Мендросс наклонился над горкой фиников.
— Люди болтают, – прошептал он, – что Никко пасут.
Я застыл, не донеся дольку до рта. Там разом пересохло.
— Пасут?
Это плохо. Шпионов никто не любит, но Никко они приводили в поистине небывалую ярость. Достаточно было намека на то, что кто‑то из Тузов заслал к нам крота, – и все, Никко шел вразнос. А когда Никко шел вразнос, он камня на камне не оставлял, пока не находил гада, – ему хватало слуха или намека.
В такой обстановке под подозрением мог оказаться любой, даже люди вроде меня, которые отслеживали сплетни и стукачей.
— И громко поют?
— Пока тишком.
— А кто погнал волну?
Мендросс пожал плечами:
— Кто‑то кому‑то сказал, что кто‑то еще говорил, будто его дядя знает Резуна, который как‑то подслушал, как муж сестры говорит какому‑то парню…
— Это не тишком, – с облегчением выдохнул я. – Это, зараза, почти молчком.
— Думай что хочешь, но слух уже пару дней как ходит. Ты меня знаешь: если люди болтают один день, другой, то я докладываюсь.
Я одобрительно кивнул и закинул апельсиновую дольку в рот. Громко или тихо, но слух пошел и рано или поздно может дойти до Никко. А если он взбесится, то плохо придется всему и всем, в том числе моему душевному здоровью. Но главное – промыслу.
— Ты не слышал, чтобы заваривалось что‑то крупное? – спросил я.
— Нет, – покачал головой Мендросс.
— Может, прибили какую шишку?
— Не было, нет.
— Чужаки к нам не лезли? На территории Никко все путем?
— Вроде да.
— Вот и я ничего такого не слышал, – подытожил я. – И потому думаю, что это пустая болтовня. Шпика слишком трудно подрядить, чтобы размениваться на мелочовку, а ничего другого не происходит. Шпику незачем палиться на ерунде.

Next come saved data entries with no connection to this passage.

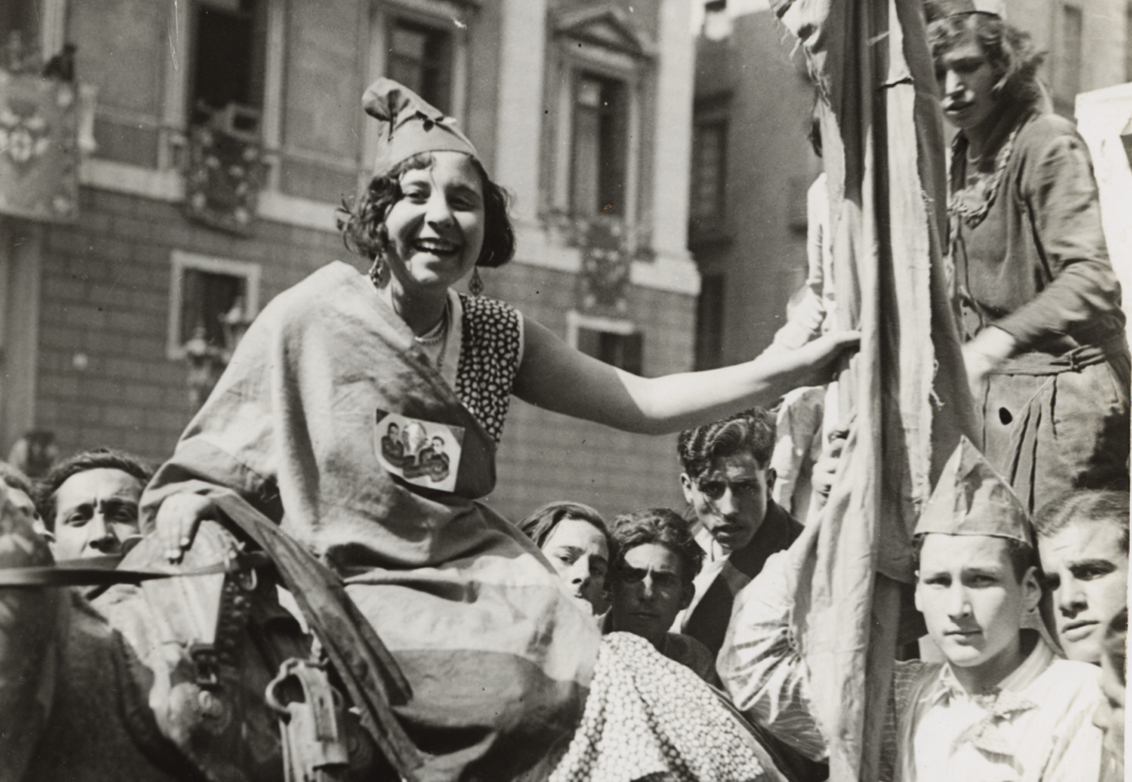 The exhibition focuses on four historical moments: the 19th century and the construction of the modern city; the Republic, the Civil War and exile; the post-war period and the Transition; and finally, the 21st century. These periods guide a display that is not chronological but instead proposes a journey through time that is both poetic and political (in the image: Popular demonstration on the occasion of the proclamation of the Republic. Militiamen in Plaça Sant Jaume, by Pau Torrents Roig and Josep Maria Lluís i Sagarra Plana; authorship as stamped on the back of the photograph. 15 April 1931. Arxiu Fotogràfic de Barcelona).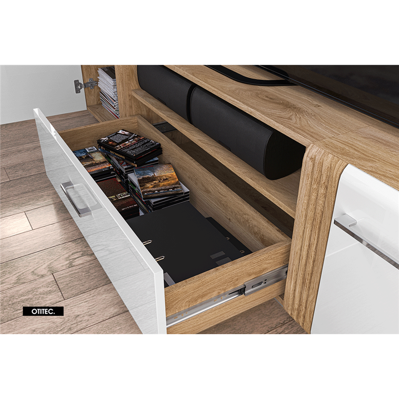 Le meuble TV ADAGY 150 cm combine un design moderne chêne et blanc avec des rangements fonctionnels, des tiroirs à extension complète et des matériaux résistants, idéal pour un usage quotidien durable et pratique.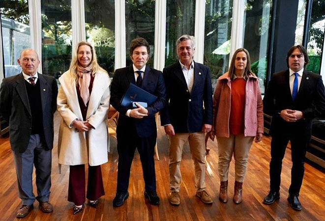 “Fue un gesto más que importante del Gobierno hacia el sector agropecuario, donde el presidente Javier Milei reiteró en varias oportunidades el carácter competitivo y productivo del campo argentino. Además, nos dijo que las retenciones están en la mira, pero por ahora no puede eliminarlas", dijo el presidente de la Sociedad Rural Argentina, luego de que la Mesa de Enlace mantuviera este martes un encuentro con el primer mandatario.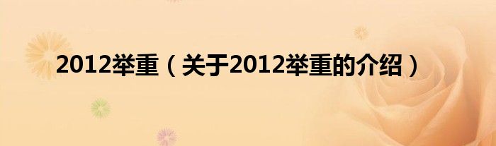 大家好,今天小乐来为大家解答以上的问题。2012举重,关于2012举重的介绍很多人还不知道,现在让我们一起来看看吧!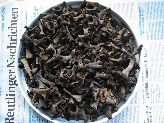 dort wo ich sonst im Herbst Totentrompeten finde, wachsen sie jetzt, nicht in den gewohnten Mengen, aber unübersehbar. Im letzen Herbst fand ich an dieser Stelle gar keine.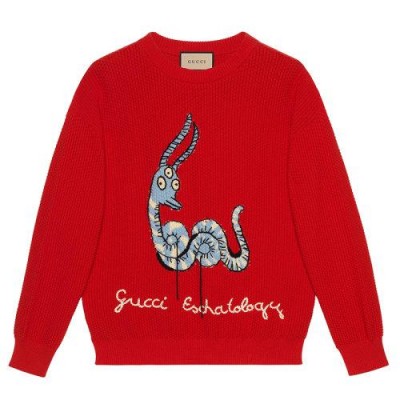 由英国儿童读物插画家弗雷亚·哈塔斯(Freya Hartas)想象,一系列受到神话世界启发的动物角色邀请Overture系列来庆祝讽刺和诗歌。这款绿色羊毛毛衣上的动物与“ Gucci Eschatology”刺绣相关联,Eschatology指的是一种探索人与宇宙最终命运的学说。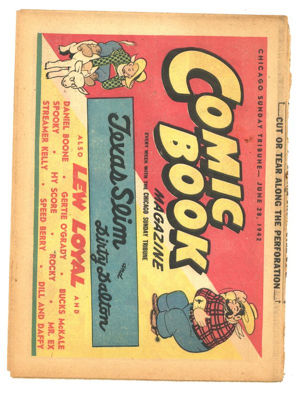Published Jun 1942 by Chicago Tribune.$40.00June 28, 1942. Comic Book Magazine is published by the Chicago Tribune. Enjoy such comic strips as Texas Slim and Dirty Dalton, Lew Loyal, Kit Cabot, Spooky, Fighting with Daniel Boone, and many more. Originally came each Sunday with the Chicago Sunday Tribune. 16 pages, full color, 18.50-in X 13.25-in.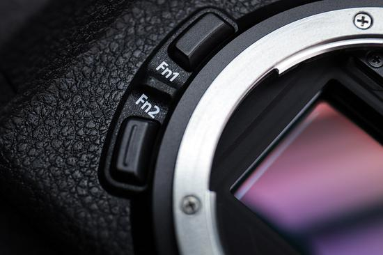 卡口左侧设计了两个Fn自定义按键,默认情况下一个为对焦模式选择一个为白平衡调整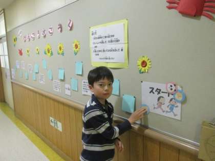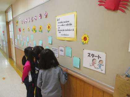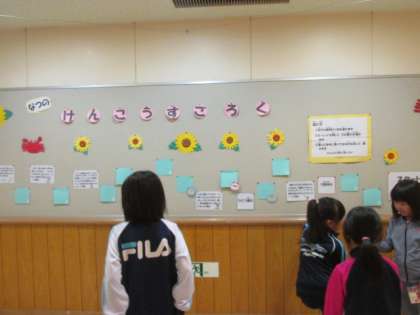保健室前の掲示板が夏バージョンにリニューアルし、子ども達が健康すごろくを楽しんでいます。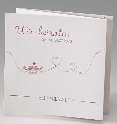 - Individuelle Beschriftung auf der Vorderseite möglich, z.B. mit den Namen, dem Datum oder dem Schriftzug "wir heiraten" (unbedruckt wird diese Karte nur mit dem Vogelmotiv und ohne Text geliefert)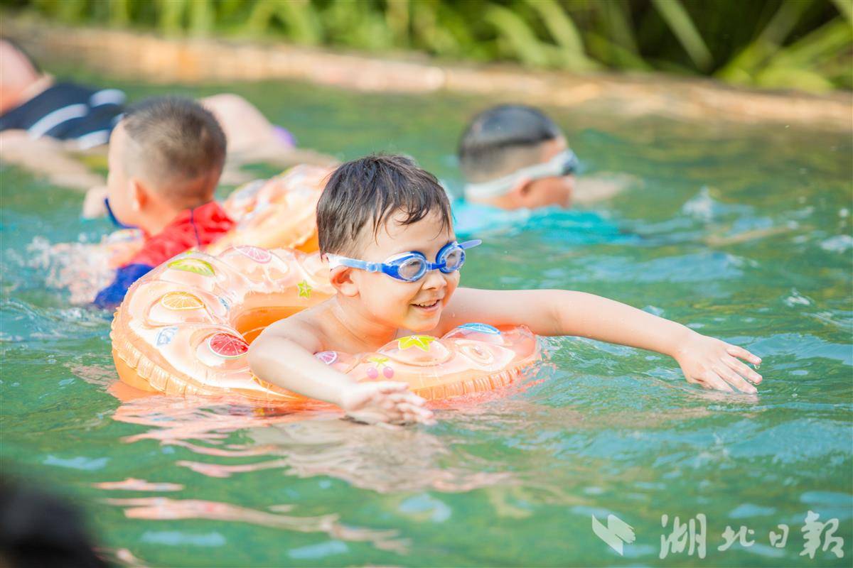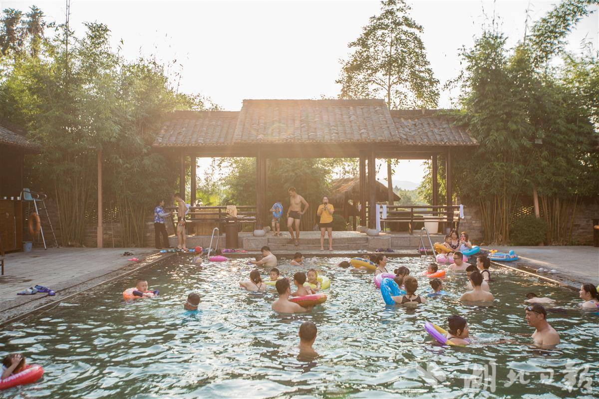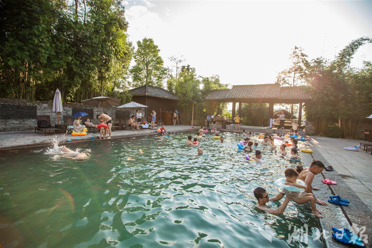 “为了适应夏天戏水,我们温泉早上放水自然摊凉,推出‘热泉冷泡’,原有矿物质不会流失,而且与周边自然生态融合,充满野趣。”王崇介绍,今年暑假,他们特意增加了海洋球池、小黄鸭池、泡泡浴池、水枪大战池、中药浴泡汤池等5个新的戏水池,满足大人小孩不同年龄段多样化的亲子游需求。中药浴泡汤池有艾叶、陈皮、黑茶等中药草,“三伏贴+三伏浴”是专门请当地中医院医生开的方子。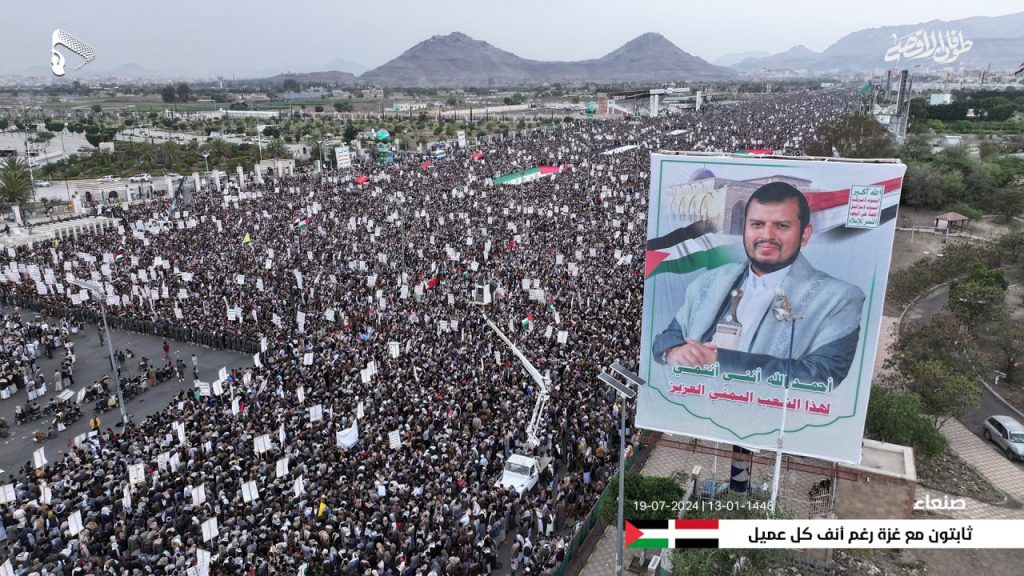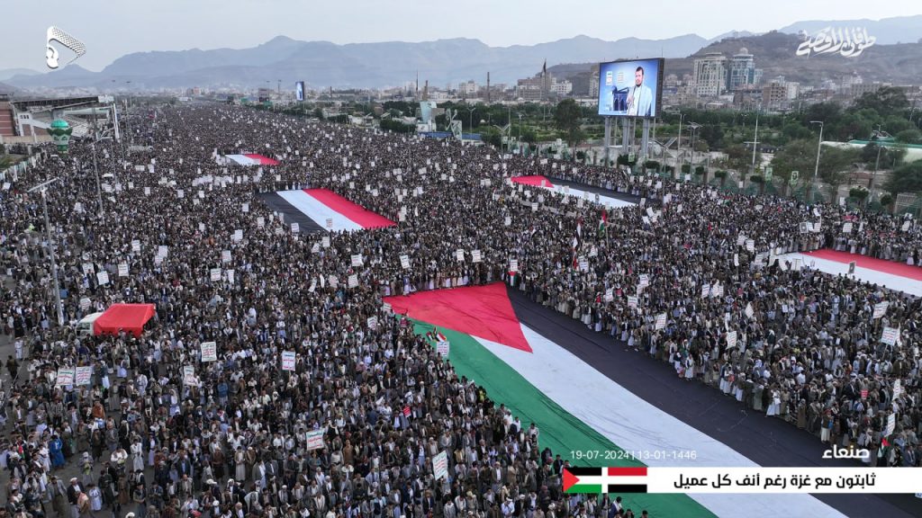 صور جوية | عقب ضربهم لـ تل أبيب يحتشدون مليونياً في ميدان النصرة الثابتة والمتصاعدة… ميدان السبعين بالعاصمة صنعاء يكتظ بالحشود في مسيرة “ثابتون مع غزة رغم أنف كل عميل” 13-01-1446 | 19-07-2024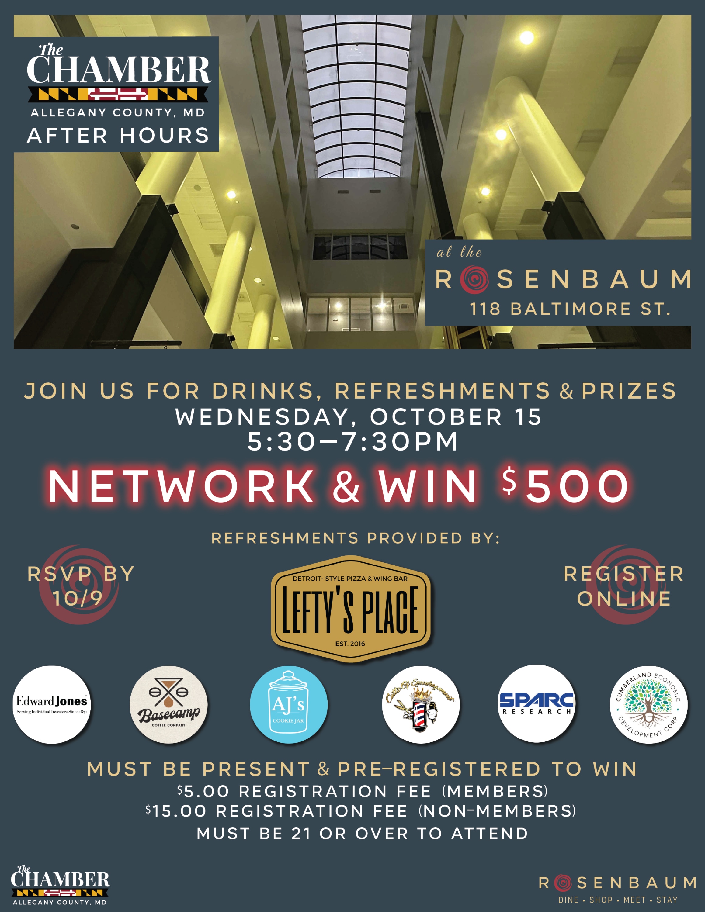 Chamber After Hours Join us every 3rd Wednesday of the month from 5:30–7:30 PM for Chamber After Hours! Each month features a different host and location, giving you the chance to explore unique businesses and venues across the region while making valuable connections. This month’s event is hosted by the Rosenbaum, 118 Baltimore Street, Cumberland, MD 21502 Enjoy an evening of networking in a relaxed atmosphere, meet potential new customers, strengthen existing relationships, and discover what our local business community has to offer. ✨ NETWORK & WIN! The prize amount changes monthly, but remember—you must be present and pre-registered to win. Registration Fees: $5.00 (Members) $15.00 (Non-Members) 🔞 Must be 21 or over to attendImages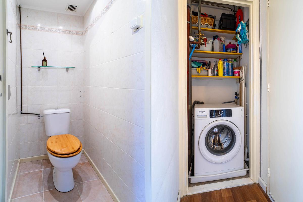 TOILETRUIMTE Geheel betegelde toiletruimte met closet.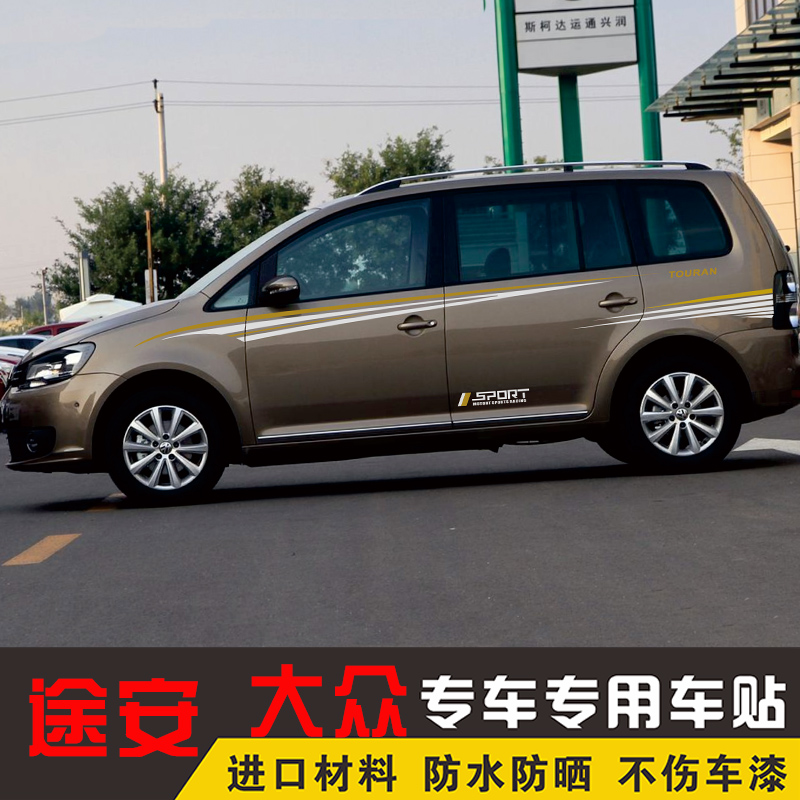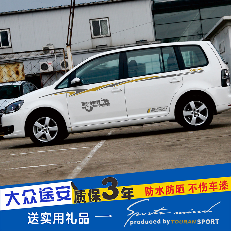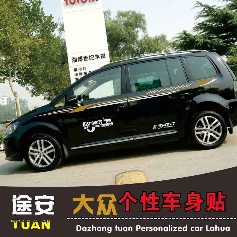 专用于大众途安改装 创意汽车拉花外饰品彩条 车身腰线车门车贴个性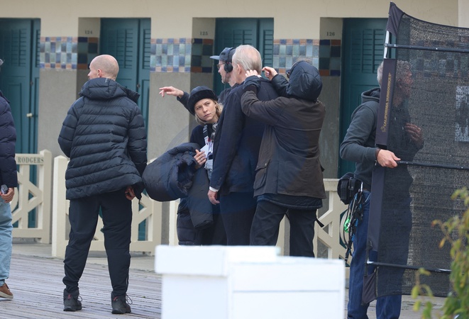 Exclusif - Stellan Skarsgård tourne une scène du prochain film de Joachim Trier (Sentimental Value) sur les planches à Deauville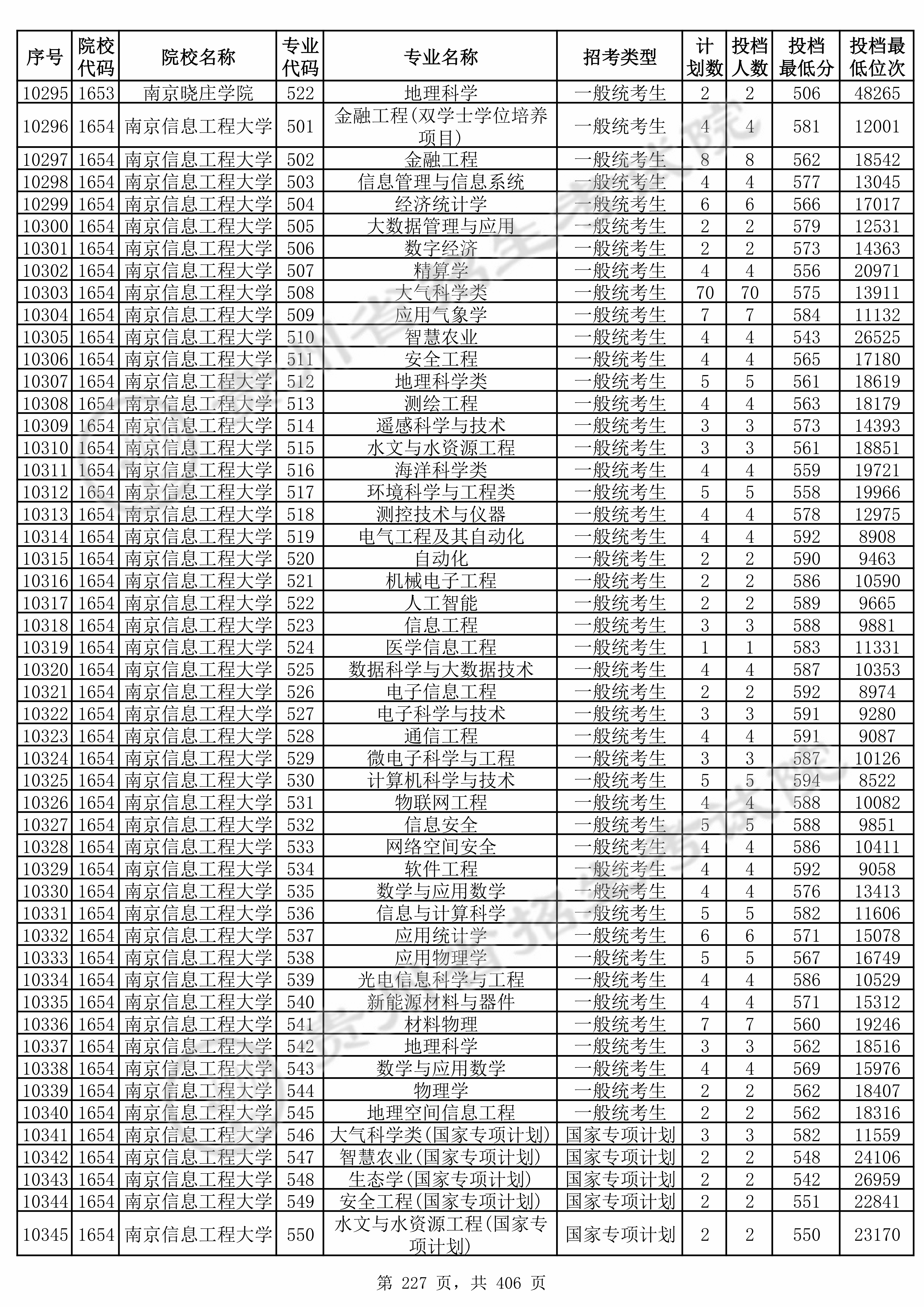 | 1654 | 南京信息工程大学 | 537 | 应用统计学 | 571 | 15078 | 本科 | 物理 ,再选: 化学 | 1 |

— Может, он лажанулся на ровном месте? – предположил Мендросс.
— В таком деле не лажают. Не забывай, что речь идет об организации Никко. Любой шпион, ежели он не совсем придурок, будет сидеть тише воды ниже травы. Да к черту, я Никко сведения сливаю, а сам дрожу, как представлю, что будет, если он что‑то унюхает!
Мендросс подумал и пожал плечами:
— Тебе видней.
Еще бы! Конечно видней. Но Мендросс был прав в одном: на такое нельзя закрыть глаза. Я еще раз окинул взглядом базар и принял решение.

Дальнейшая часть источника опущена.